The human retinovascular system undergoes a range of changes during the normal aging process, and there is substantial evidence that anatomic and physiologic changes associated with advancing age could upset the balance between retinal oxygen supply and demand. 26 27 28 29 30 31 32 33 34 The precise influence of normal aging on retinal oxygenation is poorly understood. In this study there was a 27-year age range in the control subjects and a 30-year age range in the patients with diabetes. The oldest participant was 54 years of age. Consequently, no elderly persons were tested. However, despite this truncated age range, which could obscure an association, a correlation between ΔPO2 and age was detected in the control group with the retinal oxygenation response increasing approximately linearly as function of age (0.26 mm Hg per year). It is possible that a more subtle association might be found in the patients with diabetes if a larger age range were studied. Nevertheless, this finding suggests that, during the hyperoxic challenge, there was an imbalance between O2 supply and demand, perhaps resulting in a greater oxygen surplus, in the older, nondiabetic individuals. The mechanism underlying this age-related imbalance is not known. A range of structural changes, including a reduction in arteriolar and venular diameters along with the development of anomalous vessel branching geometry, occur in the human retinovascular system during the normal aging process. 34 35 Age-related reductions in blood velocity, 26 28 blood volume, 26 and blood flow, 26 27 as well as increases in vascular resistance, 36 have all been reported to occur in the elderly. Based on these patterns of retinovascular changes, it might be expected that ΔPO2 would decrease with age. Clearly, this was not the case in the present study. Alternatively, retinovascular reactivity (autoregulation) declines during normal aging, 37 38 and this decline would be expected to result in an increase in ΔPO2 as a function of age. Therefore, the present results appear most consistent with an age-dependent loss of retinovascular reactivity. In this case, there would be relatively less vasoconstriction in older subjects than in younger patients during the hyperoxic challenge, thereby resulting in a greater accumulation of O2 in the preretinal vitreous. 

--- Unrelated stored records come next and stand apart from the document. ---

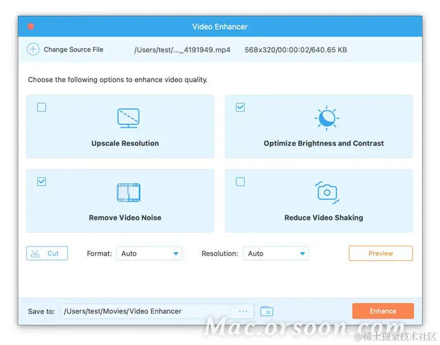 这个视频质量增强器是一个了不起的工具,它使您能够提高视频的分辨率、消除视频噪声、减少视频抖动以及优化亮度和对比度。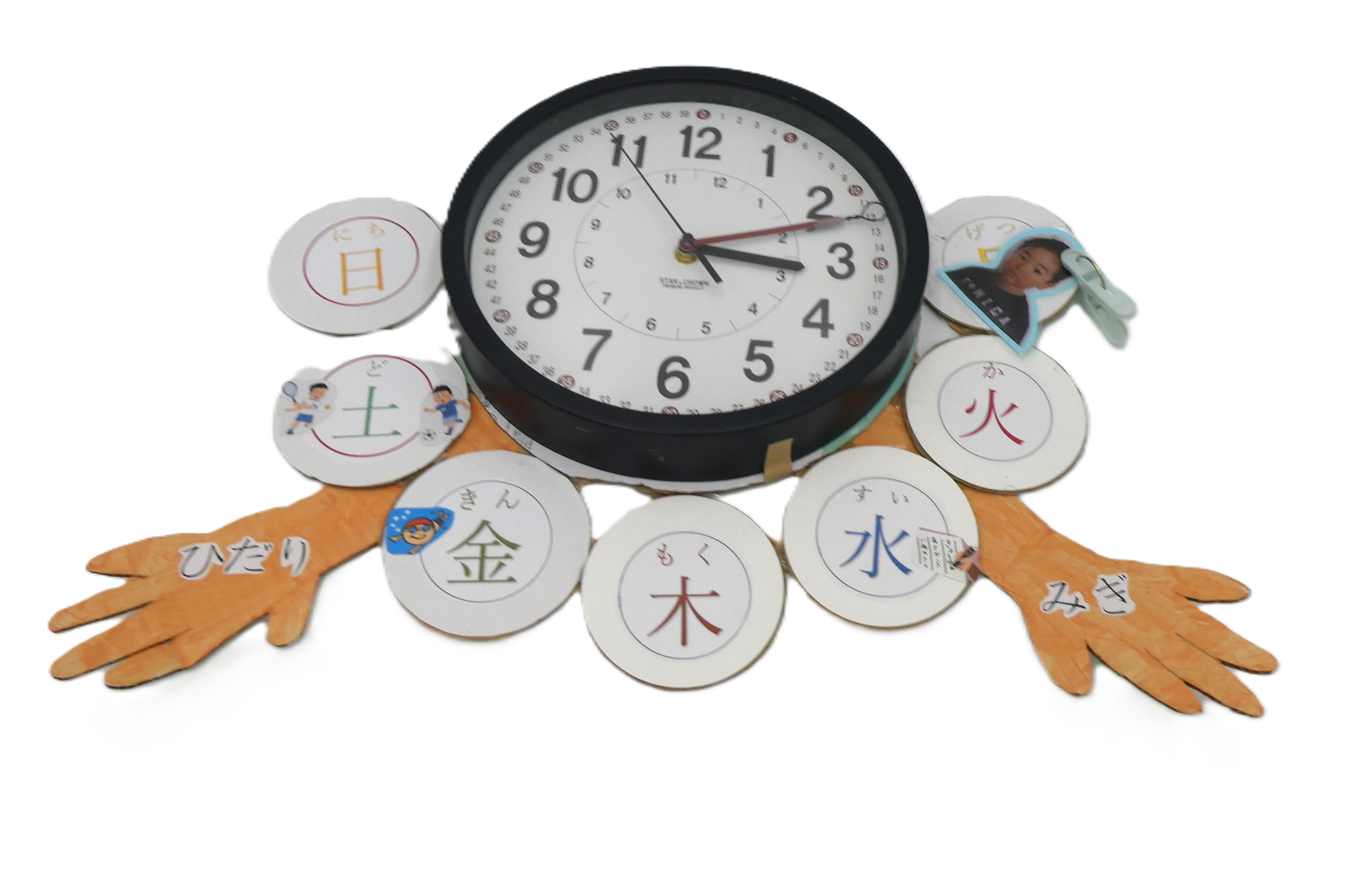 これ1つで時間、曜日、左右が分かり、保育園児がその勉強をするのに役立ちます。時間のはりの先にはり金で丸を作ったものをつけ、その丸の中に○分が入るようにしました。今○分かがすぐ分かります。また時計のまわりに習い事をはった曜日シートをつけたので、弟の写真を今日の曜日にせんたくバサミでつけることで曜日と予定を覚えることができます。そして時計に右手と左手をつけて、ぱっとみただけで左右がわかるようにしました。勉強用なので正面からみたときの右と左になっています。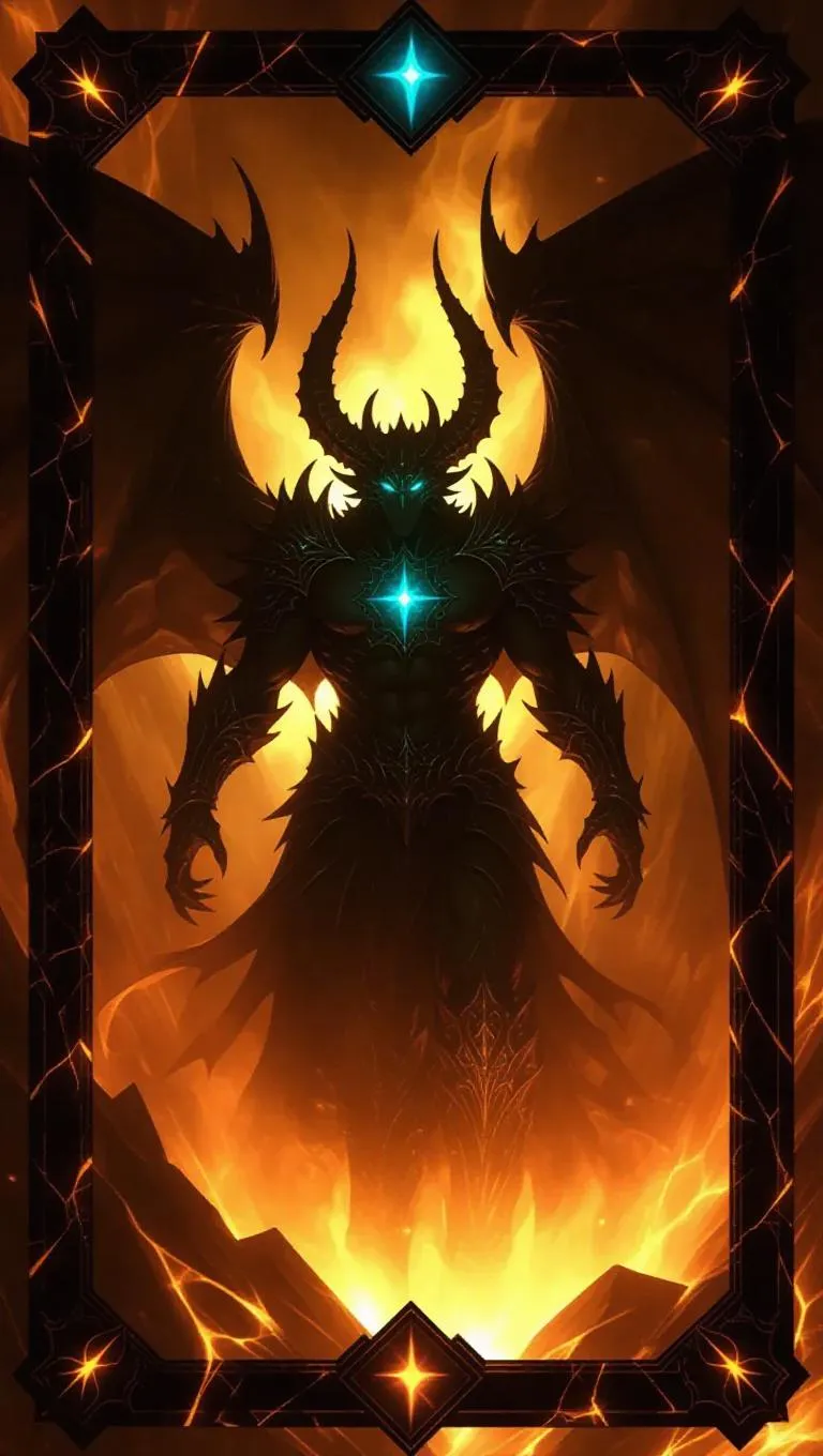 A shadowy demon lord rises from an abyss of despair, his massive wings opened wide, gleaming turquoise horns sparking, and glowing umber cracks adorning his colossal figure. Hellfire and mayhem encircle him, with ominous inscriptions and a dense black border featuring sparkling lava cracks framing the scene. An ancient card emblem in the corner adds to the otherworldly essence. Multifaceted lighting and strong shadows intensify the captivating card effect.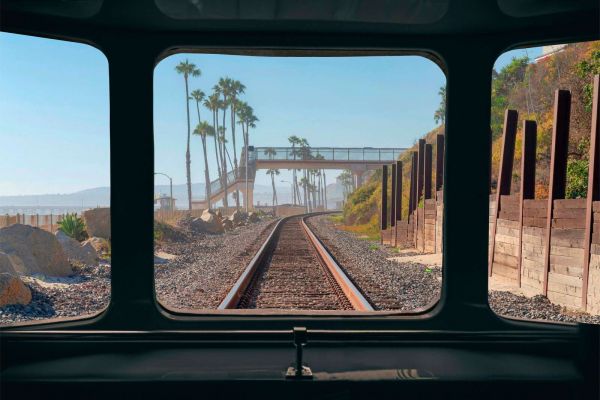 A sunny coastal landscape with palm trees and a railway line, seen from a train window. The warm light and tropical atmosphere evoke a sense of travel and freedom.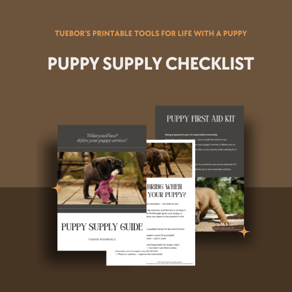 A practical and clear list designed with the size, nature, and needs of a Boerboel (or other large breed) in mind.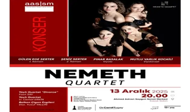 Nemeth Quartet konseri, 13 Aralık’ta Küçük Salon’da saat 20.00’de düzenlenecek. 1995 yılında kurulan ve isimlerini aynı yıl trafik kazasında hayatlarını kaybeden hocaları Istvan Nemeth (keman) ve Katalin Nemeth’ten (çello) alan grup; Gülen Ege Serter (keman), Şenis Serter (keman), Pınar Basalak (viyola) ve Mutlu V. Kocaili’den (çello) oluşuyor. Konserin bilet satışı kultursanatbilet.izmir.bel.tr adresi üzerinden yapılıyor.

In this study, we found that ΔPO2 was significantly supernormal in patients with diabetes and that this was true in patients with no clinically detectable retinopathy as well as in patients with BDR. These results are similar to previous reports of an abnormal retinal oxygenation response in experimental diabetes in rodent models of diabetic retinopathy well before the appearance of retinal histopathology. 16 18 19 In these rodent models, drug treatments that corrected the early subnormal retinal ΔPO2 were found also to minimize the late-stage development of retinal histopathology. In addition, therapies that did not correct early abnormal response also were ineffective in halting the development of subsequent histopathology. These data raise the possibility that using functional MRI to measure the increase in ΔPO2 associated with a hyperoxic inhalation challenge could provide a useful technique for the early evaluation of drug treatment efficacy in diabetes. The small sample size in this study makes it difficult to interpret the absence of a significant difference between the no DR and BDR groups. However, we believe that the supernormal retinal oxygenation response observed in patients with diabetes is likely to represent an abnormality in retinovascular reactivity that occurs in association with the development of diabetes and, therefore, presages the development of retinopathy. 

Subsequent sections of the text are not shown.